Methods A 29 year-old female presented with a 9-year history of progressive syncopal episodes exacerbated by positional changes, strenuous activity and emotional stressors.
Results The patient was referred to us after symptoms of dizziness and syncope persisted despite treatment by multiple cardiologists, endocrinologists, and psychiatrists. Symptoms occurred upon wakening and lasted for 2–3 hours before she was able to regain functionality. Furthermore, she found that her symptoms would remit if she was to lay in the Trendelenburg position immediately after symptom onset. Physical exam revealed no abnormalities. MRI of the brain showed no irregularities. MRA revealed abnormal serpiginous structures in the left jugular foramen which communicated with the ascending pharyngeal branch of the left external carotid artery. Cerebral angiogram disclosed a left jugular foramen dural AVF (Borden/Cognard type 1) supplied by the left ascending pharyngeal and left occipital arteries. There was no retrograde flow or cortical venous reflux. The DAVF was successfully managed by progressive endovascular embolization with coils and Onyx 34 via transvenous route. The final cerebral angiogram demonstrated complete obliteration of the fistula. On clinical follow-up evaluation, the patient had no further episodes of dizziness or syncope.

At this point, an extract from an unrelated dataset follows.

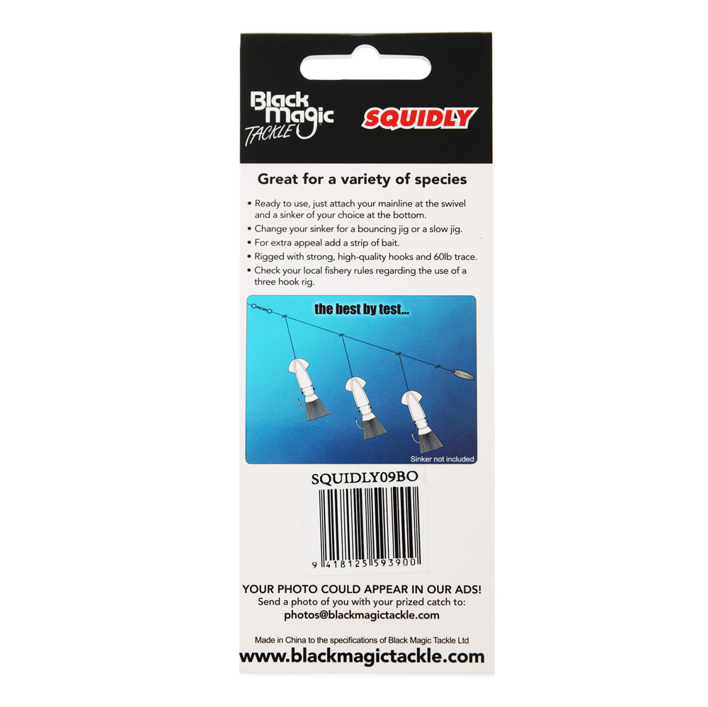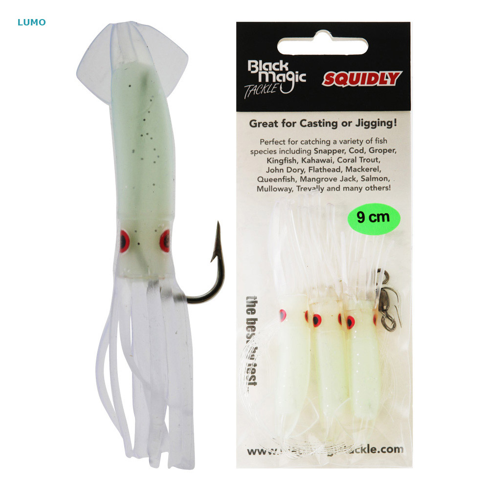 - Each squid is rigged on a strong hook to suit tougher fighting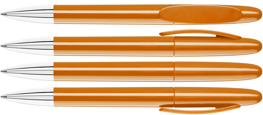 Drehkugelschreiber mit gedeckt glänzendem Gehäuse und Spitze glanzverchromt.

Conclusion We present an atypical case of DAVF in a patient presenting with recurrent syncope. Only 3 cases of DAVF causing syncope have been reported, all in combination with other neurologic symptoms. In comparison, we report a unique case of DAVF presenting solely with recurrent syncope, a previously undocumented finding in the literature. Our case adds to other reports of nonspecific DAVF presentations and highlights the importance of considering this etiology.
Disclosures D. Sheinberg: None. E. Luther: None. D. McCarthy: None. R. Starke: None.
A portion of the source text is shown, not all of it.